2. The Appellant had filed a petition under Article 226 of the Constitution for quashing an order dated 10.3.1960 and had prayed for a consequential order also in the nature of a mandamus. Information of the impugned order (Annexure 'C' to the petition), given to the petitioner, reads as follows:
The Union Public Service Commission have in pursuance of Rule 5 of the Central Information Service Rules, 1959, recommended Shri P.B. Roy, at present officiating as Editor in the Publications Division, for appointment, in a substantive capacity, to Grade 3 of the service at its initial Constitution. Shri Roy is informed that the President has been pleased to post him as an Assistant Editor in the Publications Division with immediate effect.
3. Those relevant facts, preceding and following the impugned order, which are admitted by both sides may now be mentioned.
4. In 1955, the post of Editor, Publications Division, in the Department of Information and Broadcasting of the Government of India (hereinafter referred to as 'the Department'), was advertised. The appellant, who had applied for the post, was selected by the Union Public Service. Commission, and, on its recommendation, was offered a temporary post of Editor in the Publications Division of the Department on an initial salary of Rs. 720 per month in the scale of Rs. 720-40-1000 together with the usual allowances. The material terms and conditions of this employment were:
(1) The post is to be gazetted Class I;
(2) The temporary post was sanctioned upto 28.2.1957 but was likely to continue;
(3) Shri Roy (the Appellant) will be governed by the Central Civil Services (Temporary Service Rules) and other Rules applicable to temporary Govt. servants of his category;
(4) He was to be on probation for 6 months which may be extended at the discretion of the appointing authority.
5. The Appellant had reported for duty on 1st August, 1956, as directed.

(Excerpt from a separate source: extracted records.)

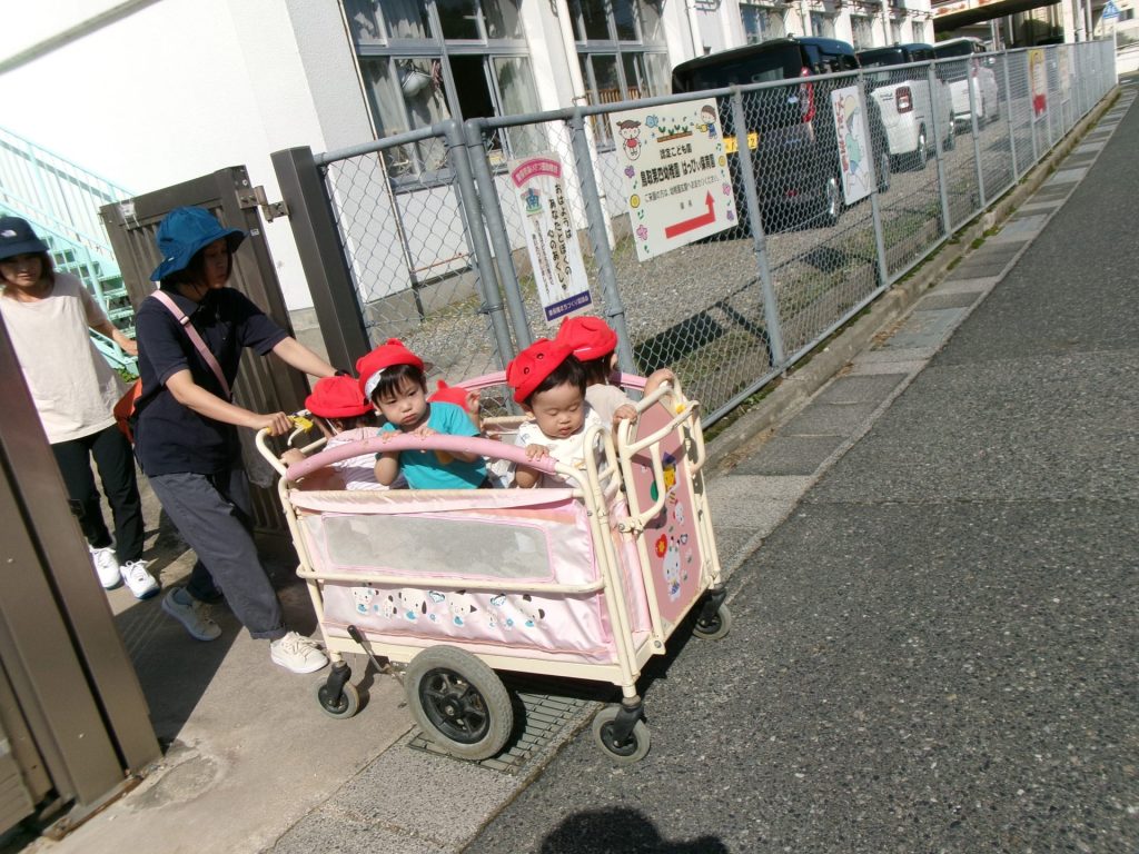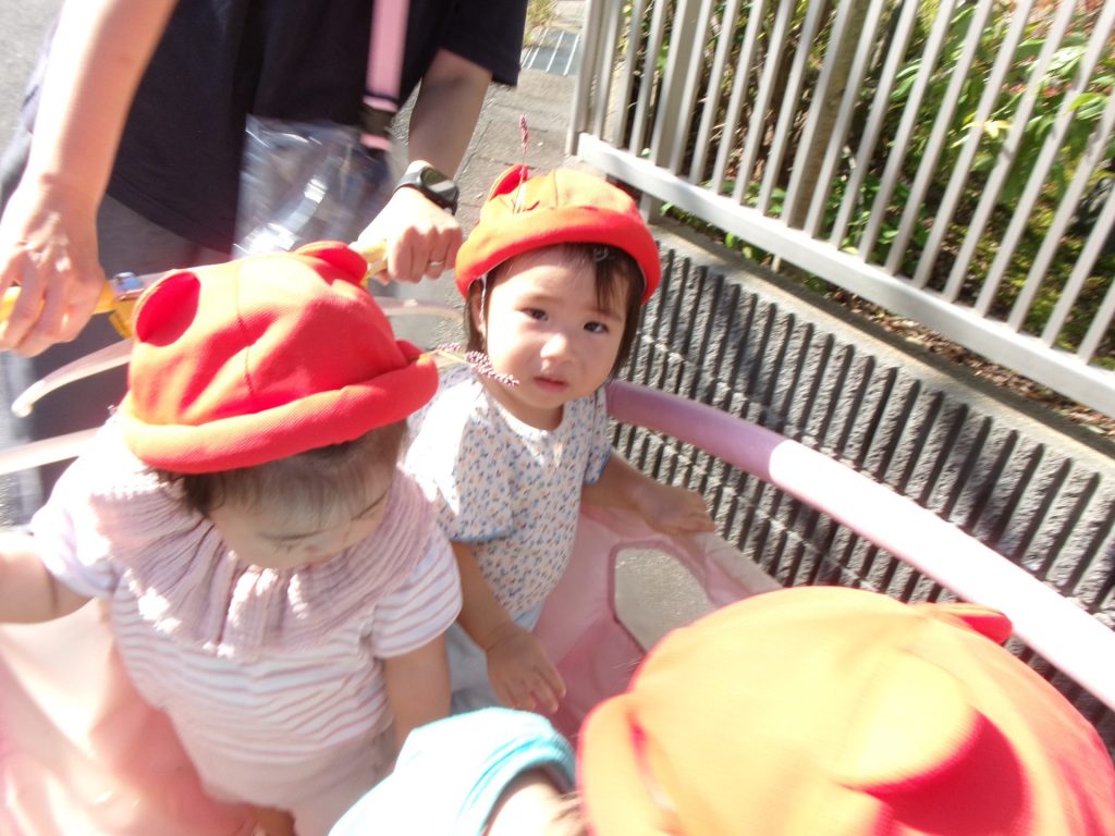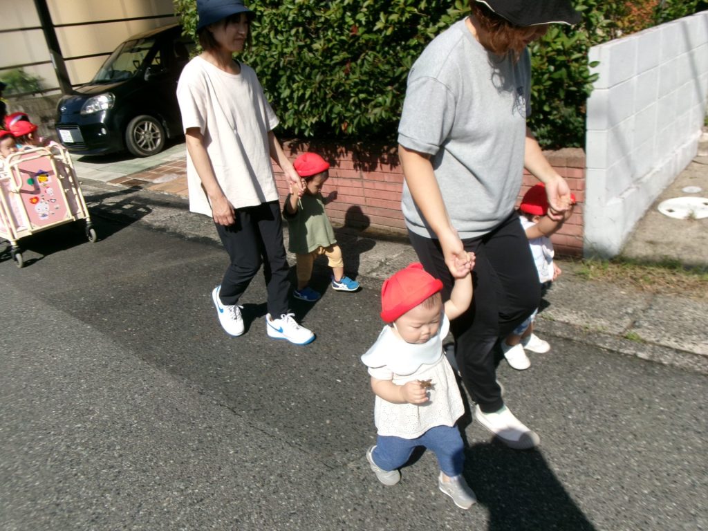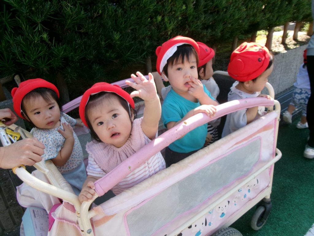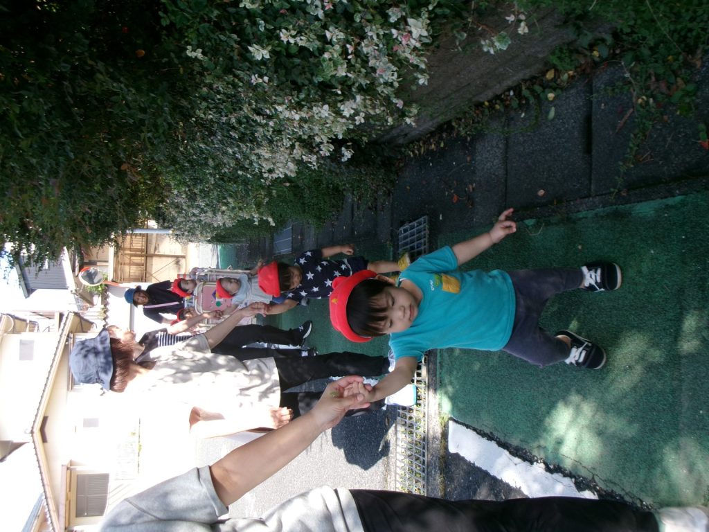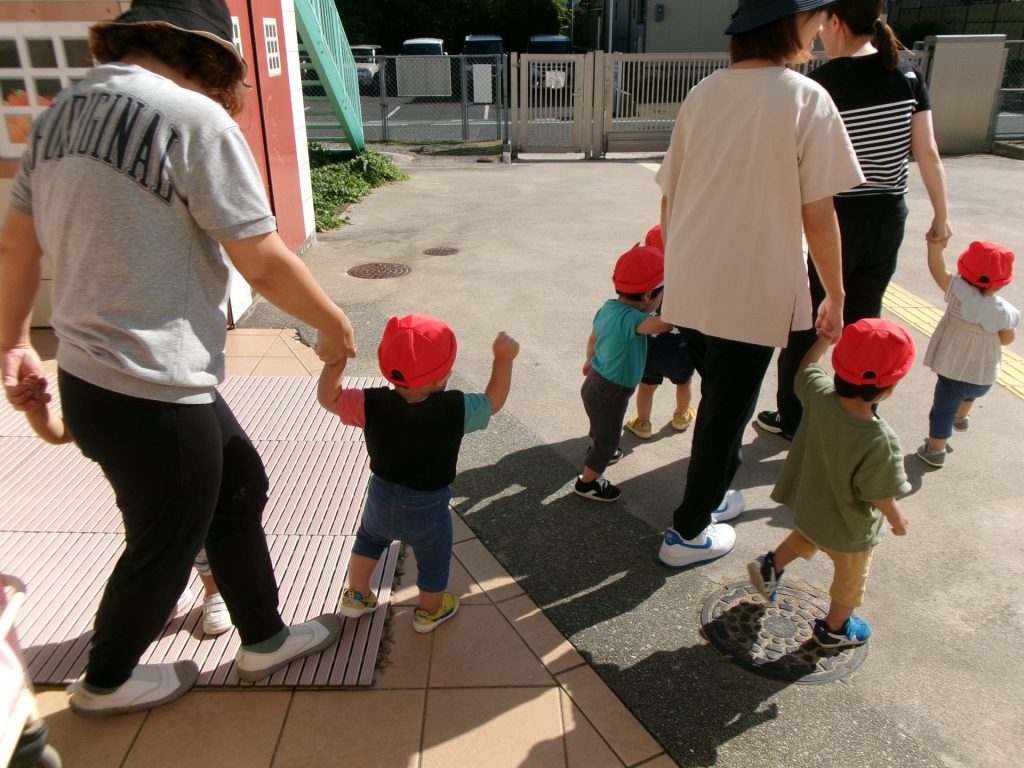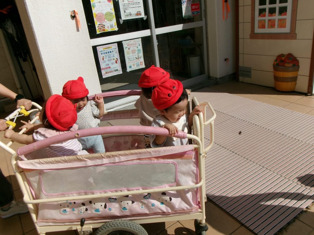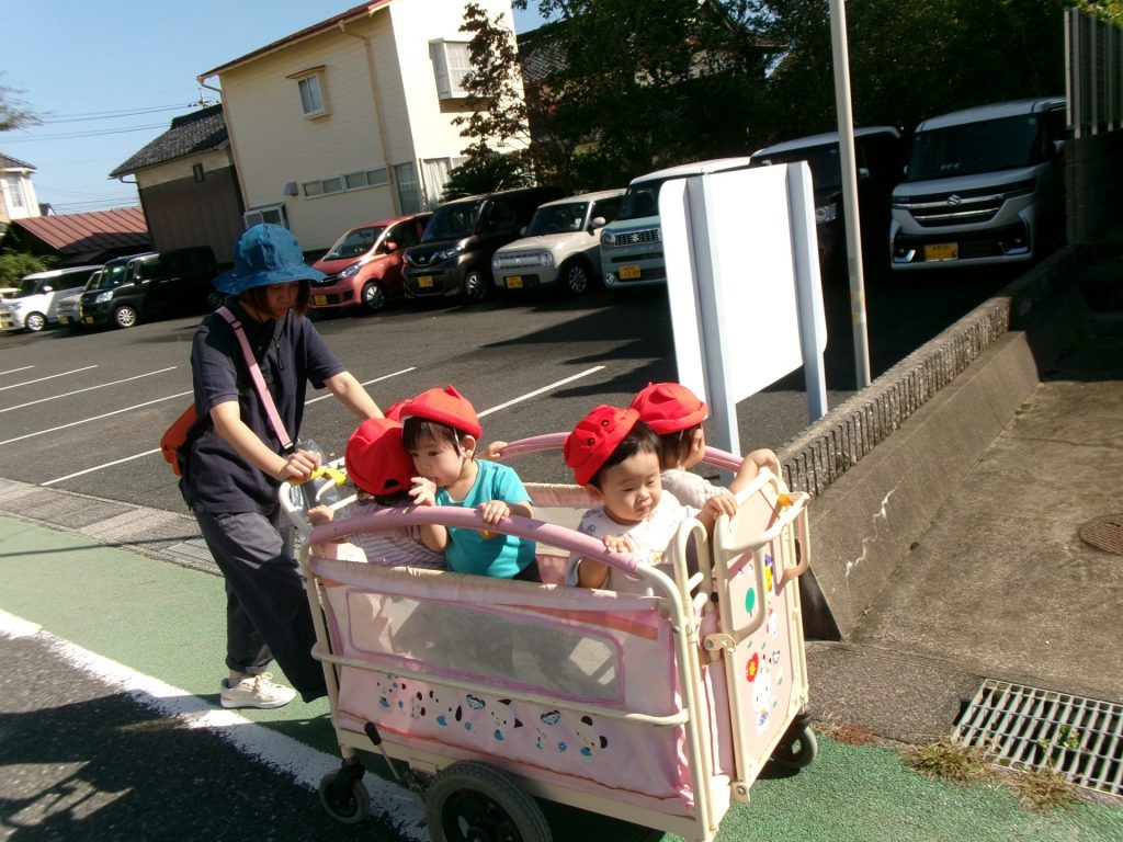 涼しい室内のびのびと好きな遊びを見つけて遊んだり、お外に出た時は涼しい日陰でお散歩をして遊んでいます。
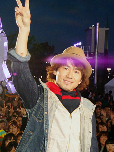 横には巨大なガンダム像。「まさか、このそばで歌うような機会があるとは思わなかった」と笑いながら、新アルバム「風歌キャラバン」の中の新曲「愛してた」など3曲を歌った。
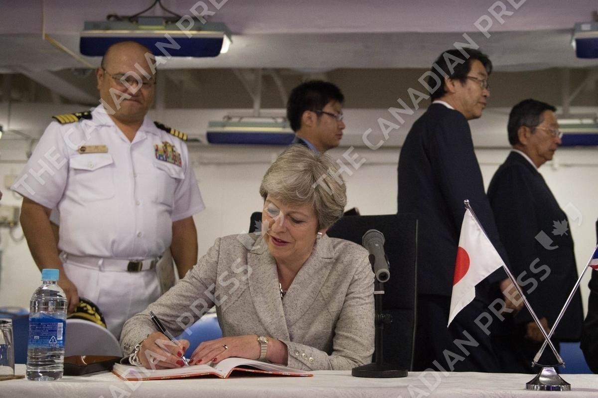 Prime Minister Theresa May signs a visitor's book after meeting crew and naval personnel including those from the British Royal Navy on board the Japanese aircraft carrier, J.S. Izumo at Yokosuka Naval Base near Tokyo.
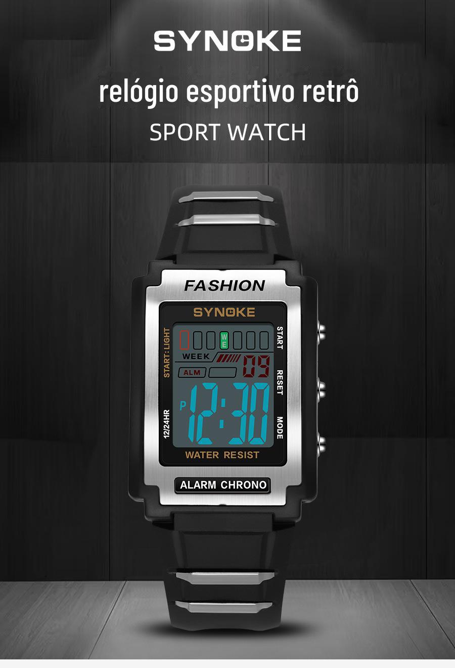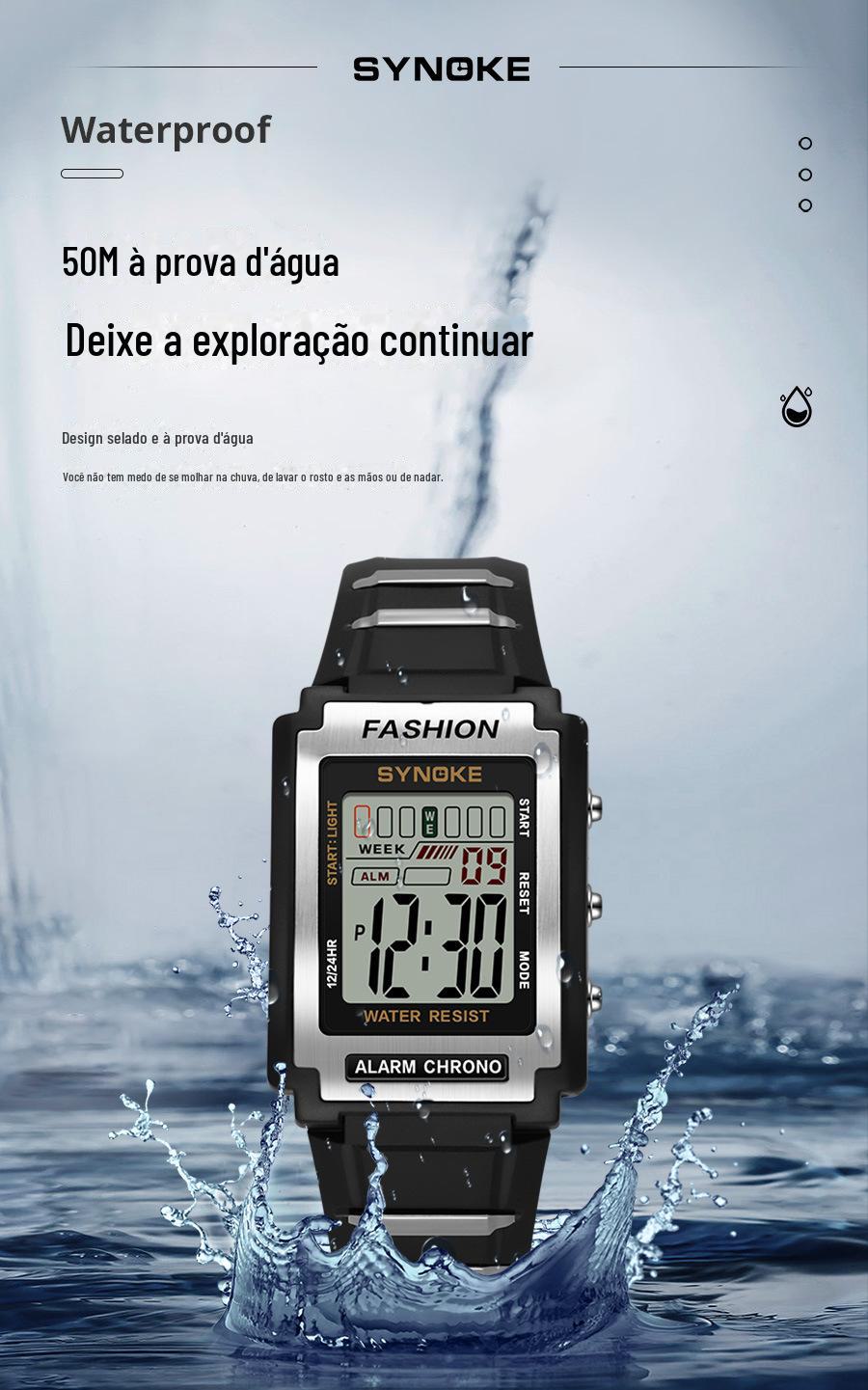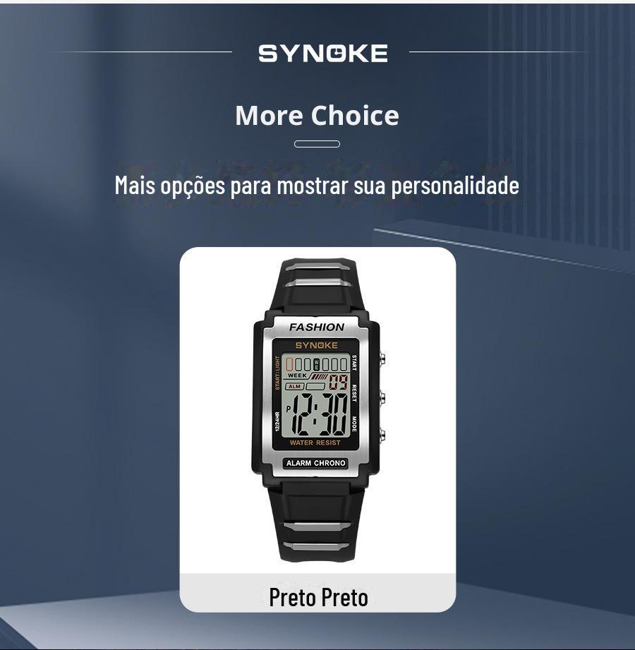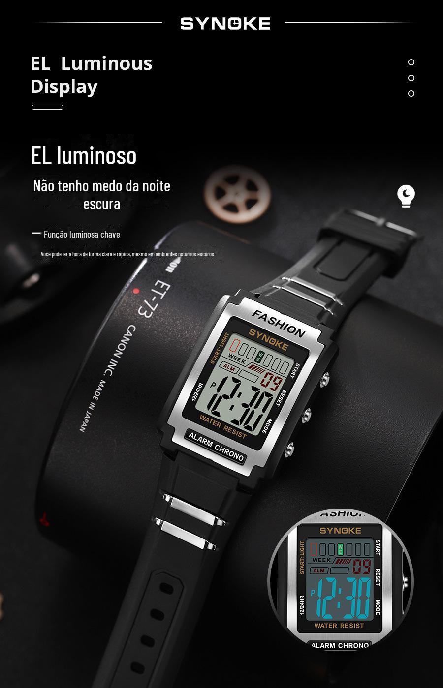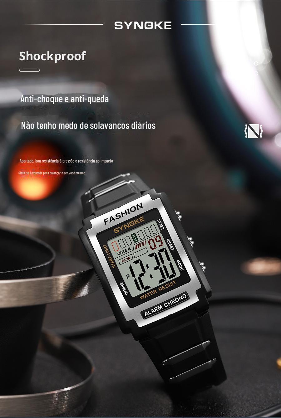 Relógio Digital Esportivo Retangular Synoke Niche À Prova D'água Luminoso Tela Grande Alarme Moderno Retrô

On 27.3.1957, the Appellant's probation was extended by three months. Immediately thereafter, on 28.3.57, the Appellant's services were terminated under Rule 5 of the Central Civil Services (Temporary Service) Rules 1949, (Annexure 'D' to the Rejoinder Affidavit of 20th February, 1964). On 5.3.1957, the Appellant made a representation against this termination of his service (Annexure 'B' to the Rejoinder Affidavit). On 27.4.1957, in response to this representation, the above-mentioned termination to the Appellant's service was rescinded (Annexure 'F' to the Rejoinder Affidavit). On 28.4.1958, the President was pleased to terminate the probationary period of the Appellant and permitted him to continue in his post in a temporary capacity (Annexure 'B' to the Affidavit supporting the Petition)
6. On 16.2.1959, the President of India, in exercise of powers conferred by the Proviso to Article 309 of the Constitution of India, promulgated the Central Information Service Rules, 1959 (hereinafter referred to as the Rules), which came into force on 21.2.1959. These rules were meant; for the creation of a Central Information Service with prescribed grades and their strengths. Entry into this service was open to 'departmental candidates' by a procedure laid down in Rule 5 for the initial Constitution of the service. In accordance with this procedure, the Appellant was required to appear before a Selection Committee on a given date, and, after selection, he was posted by the impugned order as indicated above. On 11.3.1960, the Appellant assumed charge of the post thus assigned to him on the recommendation of the Union Public Service Commission. The Appellant then made a representation, dated 11.3.1960 (Annexure 'E' to the Rejoinder Affidavit), against his appointment in Class 2 grade 3 post. He made other similar representations after that. His last representation was made on 25.8.1962. The Appellant received a communication dated 10.12.1962 forwarding extract of an order dated 26.11.1962 which said:
The representation from Shri P.B. Roy has been carefully considered in the Ministry. All relevant facts were fully taken into account, by the Departmental Promotion Committee, before drawing up the recent panel of Grade 3 officers considered suitable for promotion to Grade 2. Shri Roy may be informed accordingly.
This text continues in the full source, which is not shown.